_HOW TO COMPLETE THIS TASK:_ What is wanted is the full listing, word for word, without its pictures.

_SOURCE DATA:_
------

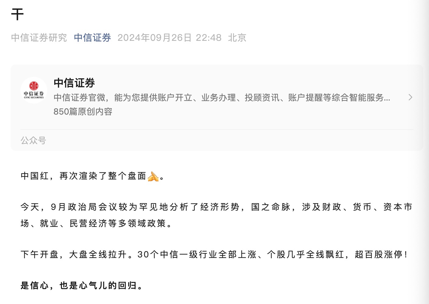 蓝鲸新闻9月26日讯 超预期政策带来的市场情绪持续发酵。记者注意到,今日晚间,中信证券研究在公司官号发布文章,标题仅一个字:干。
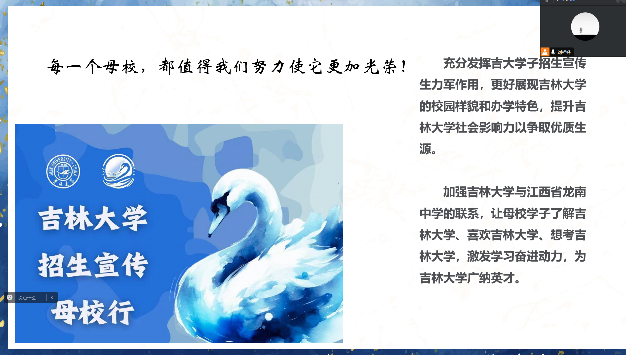 江西省龙南中学宣讲团自“2024年寒假招生宣传母校行活动”开展以来,积极学习,精心筹备,秉承为betway西汉姆联平台招生事业贡献青春力量的理念,在宣讲过程中突出招生主题,展现吉大特色,塑造了betway西汉姆联平台在同学们心中的良好形象,有效提升了betway西汉姆联平台在母校和家乡的口碑与影响力,也极大锻炼了团队的宣传实践能力。情系桑梓,我们携梦未来。希望母校江西省龙南中学再创辉煌,也希望越来越多的龙中学子考入betway西汉姆联平台、爱上betway西汉姆联平台、扎根betway西汉姆联平台。
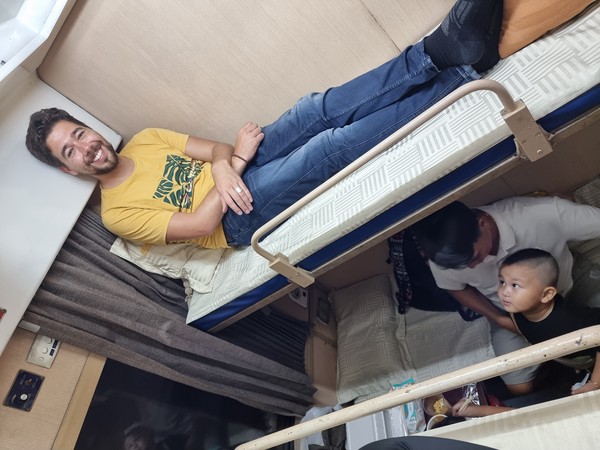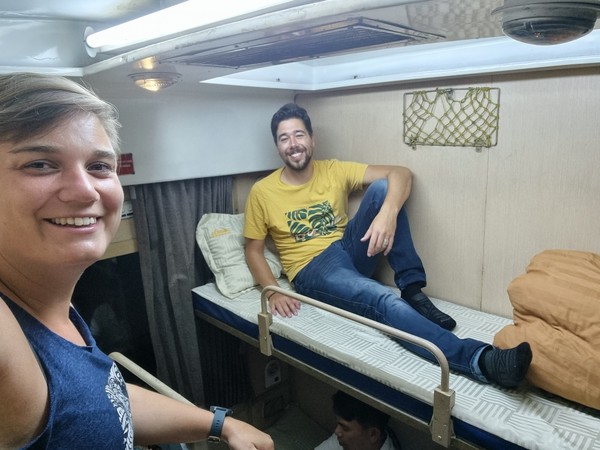 De volgende ochtend namen we bij het ontbijt afscheid van Linda, zij bleef hier tot de nachtbus vanavond ook naar Hoi An. Wij hadden de trein al geboekt vanuit Nha Trang en moesten dus de bus eerder daar naartoe nemen om alles optijd te halen. Bus naar Nha Trang viel een beetje tegen doordat we op de achterste bank werden geplaatst waar totaal geen beenruimte was. In Nha Trang een tijdje in een goed koffietentje gezeten, waar we genoten van de koffie en lekker hebben bijschreven met onze blogs. We verplaatste ons met een Grab (wat wonder boven wonder in 1x lukte) dichter naar het treinstation waar we bij een soort halve Italiaan terecht kwamen en lekkere pasta’s gegeten hebben voordat we de nachttrein naar Hoi An namen.
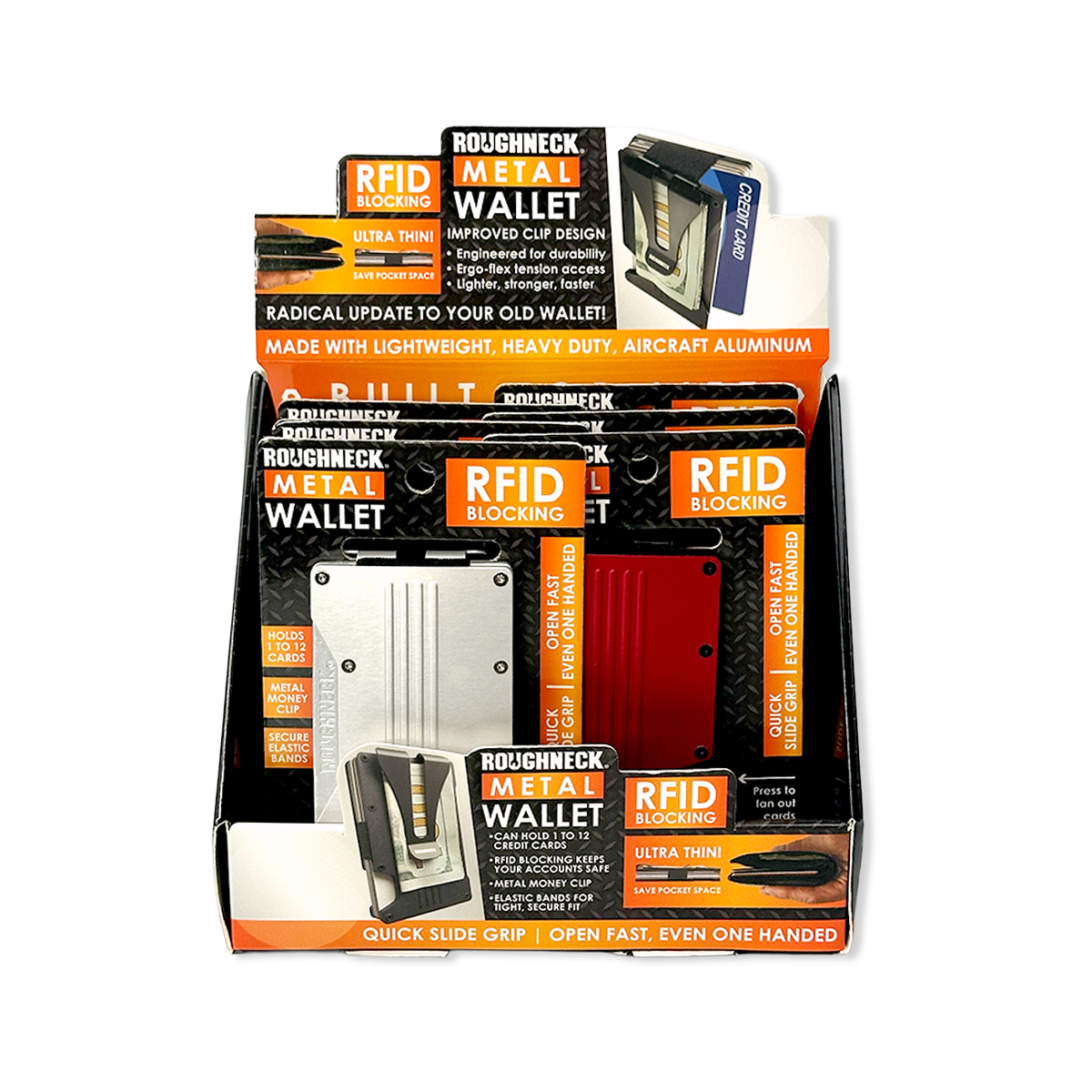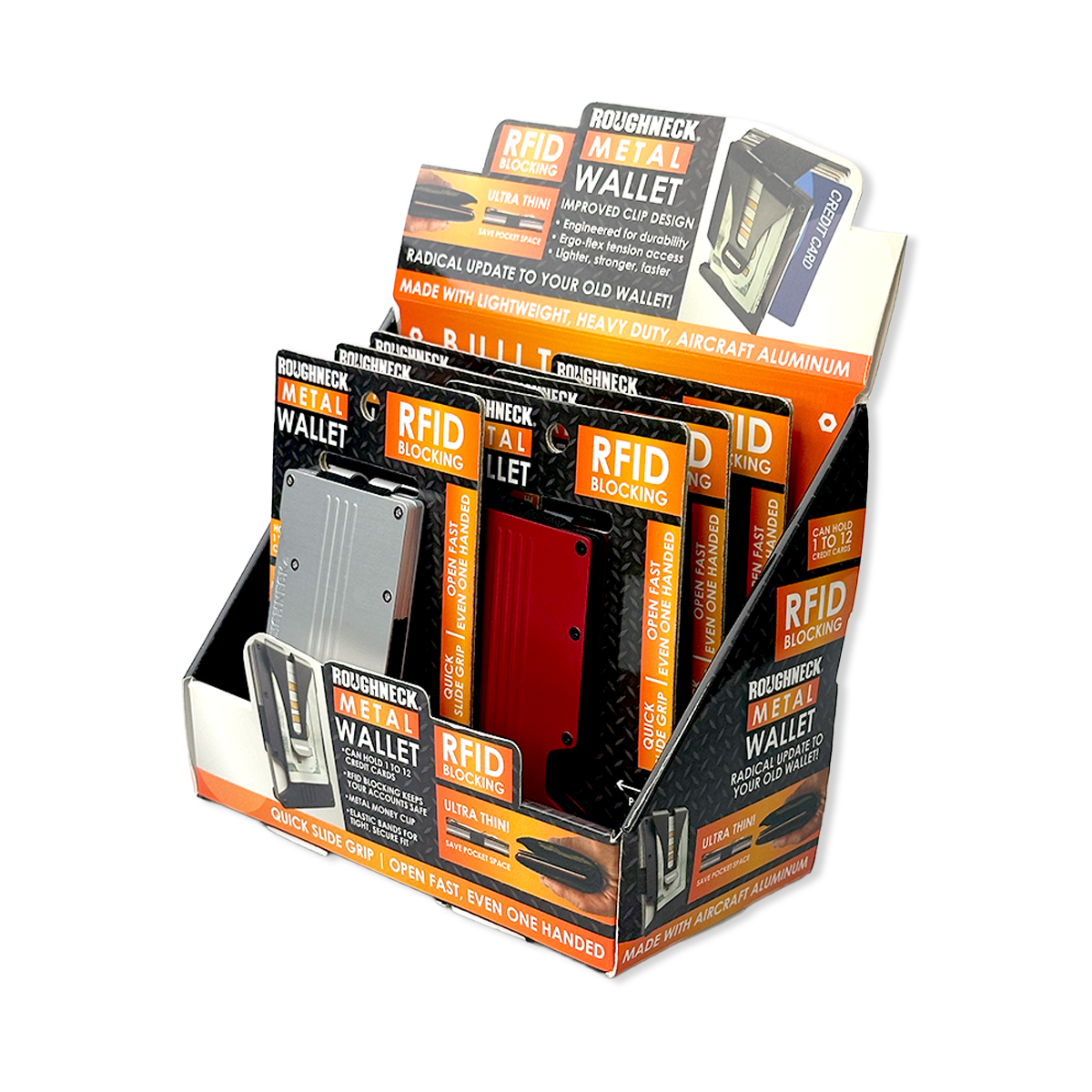 Secure your essentials with this ultra-thin RFID blocking wallet engineered from aircraft-grade aluminum. The quick-slide grip features molded ridges for confident handling, while the ergonomic flex money clip—designed with a strategic slot for reduced weight and enhanced flexibility—holds 1-12 cards without adding bulk. Available in multiple colorways, this premium accessory combines security-conscious design with lightweight performance, making it an ideal choice for retailers targeting discerning customers who value both protection and practicality.

------

_YOUR RESPONSE:_
 蓝鲸新闻9月26日讯 超预期政策带来的市场情绪持续发酵。记者注意到,今日晚间,中信证券研究在公司官号发布文章,标题仅一个字:干。
 江西省龙南中学宣讲团自“2024年寒假招生宣传母校行活动”开展以来,积极学习,精心筹备,秉承为betway西汉姆联平台招生事业贡献青春力量的理念,在宣讲过程中突出招生主题,展现吉大特色,塑造了betway西汉姆联平台在同学们心中的良好形象,有效提升了betway西汉姆联平台在母校和家乡的口碑与影响力,也极大锻炼了团队的宣传实践能力。情系桑梓,我们携梦未来。希望母校江西省龙南中学再创辉煌,也希望越来越多的龙中学子考入betway西汉姆联平台、爱上betway西汉姆联平台、扎根betway西汉姆联平台。
 De volgende ochtend namen we bij het ontbijt afscheid van Linda, zij bleef hier tot de nachtbus vanavond ook naar Hoi An. Wij hadden de trein al geboekt vanuit Nha Trang en moesten dus de bus eerder daar naartoe nemen om alles optijd te halen. Bus naar Nha Trang viel een beetje tegen doordat we op de achterste bank werden geplaatst waar totaal geen beenruimte was. In Nha Trang een tijdje in een goed koffietentje gezeten, waar we genoten van de koffie en lekker hebben bijschreven met onze blogs. We verplaatste ons met een Grab (wat wonder boven wonder in 1x lukte) dichter naar het treinstation waar we bij een soort halve Italiaan terecht kwamen en lekkere pasta’s gegeten hebben voordat we de nachttrein naar Hoi An namen.
 Secure your essentials with this ultra-thin RFID blocking wallet engineered from aircraft-grade aluminum. The quick-slide grip features molded ridges for confident handling, while the ergonomic flex money clip—designed with a strategic slot for reduced weight and enhanced flexibility—holds 1-12 cards without adding bulk. Available in multiple colorways, this premium accessory combines security-conscious design with lightweight performance, making it an ideal choice for retailers targeting discerning customers who value both protection and practicality.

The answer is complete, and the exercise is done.